Still – the way the relationship works, the way it's structured, and the way it plays out – it also isn't not this other thing, or at least it bears the traces of this other thing – appropriation, literalized and embodied, where the white person gets to be the centre of every possible experience.

c) Originally, Syd says that not only is it a bad idea for her to touch people (as she switches bodies with them) – she also doesn't like physical contact or even proximity to others. However, this situation turns out to have an astral solution: when David brings Syd to the astral plane (without, by the way, asking if she'd like to go), she can touch and be sexual without the risk of switching bodies and apparently without discomfort.

This was, in a way, disappointing. I didn't need this part of Syd "solved." Maintaining the integrity of Syd's withdrawal from touch would have given the character an interesting kind of built-in autonomy, and while it wouldn't have directly associated her with any particular sexual, emotional, or neurological identity, it would have had interesting echoes of many.

These – differences of opinion – did not ruin Legion for me, but they were irritants in an otherwise joyfully surreal experience.

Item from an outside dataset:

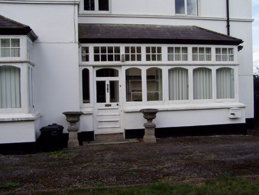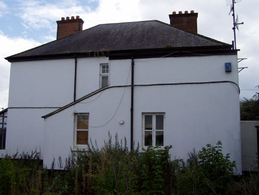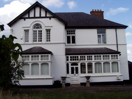 Detached L-plan three-bay two-storey house, built c. 1880, facing south, having projecting gabled west end bay with box-bay window, slightly recessed porch to front of most of rest of façade, conservatory to east gable, and single-storey addition to rear with single-storey lean-to to its east. Hipped slate roof with brick chimneystacks. Slate roofs, hipped to bay window and porch, pitched to gabled bay and flat and lean-to roof to addition. Painted rendered walls with false timber truss to gabled bay and moulded render sill course to first floor. Venetian-style window to first floor of gabled bay, having moulded render cornice and ten-pane timber casement windows, middle light being double with fanlight. Square-headed window openings elsewhere to first floor, with timber casement windows having eight-pane overlights to timber double casement windows. Bay window comprises three segmental-headed lights with six-pane overlights. Ground floor windows to rear are one-over-one pane fixed timber and double timber casements. Porch comprises glazed timber sides on rendered plinth walls and having segmental-headed lights with six-pane overlights and square-headed half-glazed timber panelled door and limestone threshold. Tiles with geometric pattern to porch interior. Conservatory has glazed timber sides on rendered plinth walls. Remains of coursed rubble limestone boundary walls to site.

To sum up: brilliant sensory experience, clever structure, rollercoaster-of-the-mind plot, and slightly disappointing lack of risk-taking with the characters/focus, given the other accomplishments of the show.

{rf}


Notes

1. Though certainly the Kerry/Cary dyad doesn't split along traditional gender lines.

2. To be fair, that might actually be true, but it's not necessarily something to revel in, narratively.

"Emotional problems" might not be the right term here, since the story is at least ostensibly about mental illness, but Legion felt preoccupied with David's negotiation of his powers, rather than with the lived experience of mental illness itself. Then, I don't know where they're going with David's identity, or how close it will be to the comic character.